Su cara se transformó rápidamente. Fingió apresuradamente una sonrisa y se apresuró por dar un último sorbo. Se puso un pequeño sombrero, cargó un pesado maletín del suelo, el cual yo no había notado y se puso de pie.
– Me voy, G. –se despidió cordialmente –Tengo tantos asuntos pendientes que siento que un siglo no alcanzaría para acabarlos. Visítame, si te es posible, con previo aviso, claro está.
– Lo haré, Raulillo –le dije, presuroso, mientras el se aproximaba a la puertecita del café, y alcé la mano en señal de despedida –Suerte con los asuntos, ojala no se te olviden otros.
Esto último pareció caerle como un baldazo frío. Se quedó parado en la puerta, pensativo pero siempre manteniendo esa amabilidad, a veces fingida. Me dio una última sonrisa y se despidió con la mano.
– No olvidaré nada. Todo está muy planeado, G. Te seguiré leyendo.
Aquella conversación me había dejado insatisfecho, por su poca duración y por lo esquivo que había sido con los asuntos que realmente me interesaban. Pero –y yo no lo sabía- había tenido un gran efecto en Raúl, sin que yo me diera cuenta.

Varios días después, esperaba yo, con ansias, la llegada a mi patio de entrada de la edición dominical del Noticias y Cultura. Un artículo mío, de crítica a algunos escándalos políticos que se habían suscitado, saldría publicado en dicha edición y quería comprobar si es que acaso la habían modificado a manera de censura –algo muy típico del Noticias y Cultura-.

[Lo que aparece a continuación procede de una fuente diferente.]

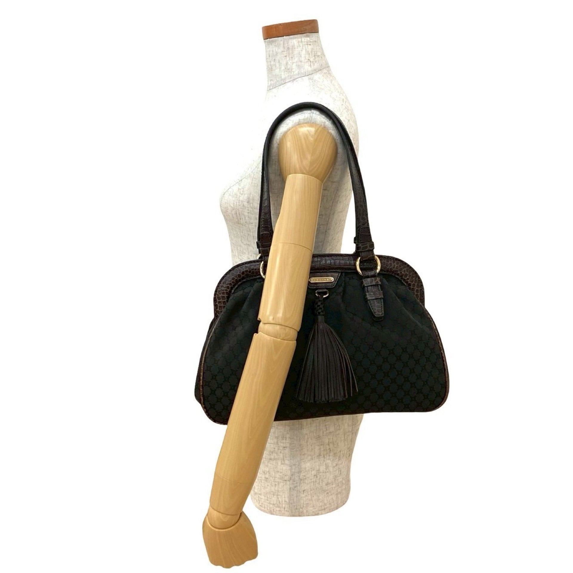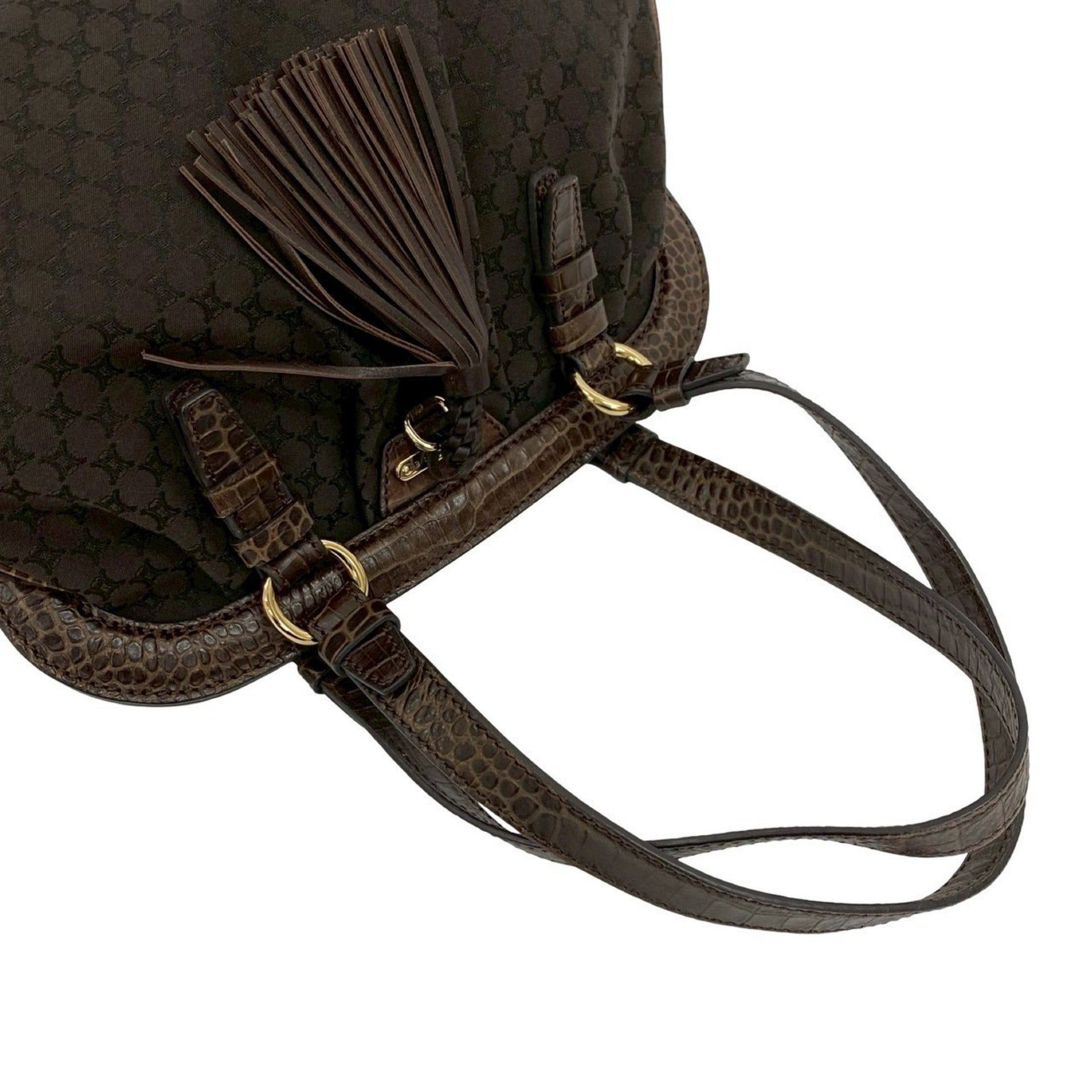 CELINE Macadam Blason Triomphe Print Canvas and Leather Tote Bag with Tassel, Brown, 39400

Recibí el diario de manos del joven repartidor, que me sonrío tendiendo la mano, esperando una propina. Yo, avaro por excelencia, me sentía bastante alegre por la publicación de mi artículo, pese a aun no haberlo visto, y le obsequié poco más de cuatro soles –una millonada para el joven-.
La sonrisa de mi rostro transmutó en algo oscilante entre el agobio, la tristeza y la sorpresa, cuando en primera plana, se anunciaba con imágenes incluidas, la noticia del día. «Gran magnate se quita la vida». Al pie de la noticia se distinguían dos figuras. Una de ellas era la foto del buen Raulillo. Aquella que siempre presentaba en los curriculums en nuestras épocas de recién graduados. Y al lado, ridículamente contrastante, una foto de la oficina de su padre, con Raulillo tendido en el piso y con un hilo de sangre chorreando de su oreja y empapando toda la alfombra.
Se había dado un disparo, el muy infeliz, sin razón aparente, o al menos ninguna que los diarios pudiesen explicar. Se hacía alusión, además, a lo poco coherente de dicho suicidio, «el magnate Baldía estaba entrando en una nueva etapa de afianzamiento económico» relataba el reportaje.
¿Qué dirían los burgueses? Su padre, sus tíos, su cuantiosa clientela. No podían decir nada. Ellos lo habían matado ¿O acaso había sido yo?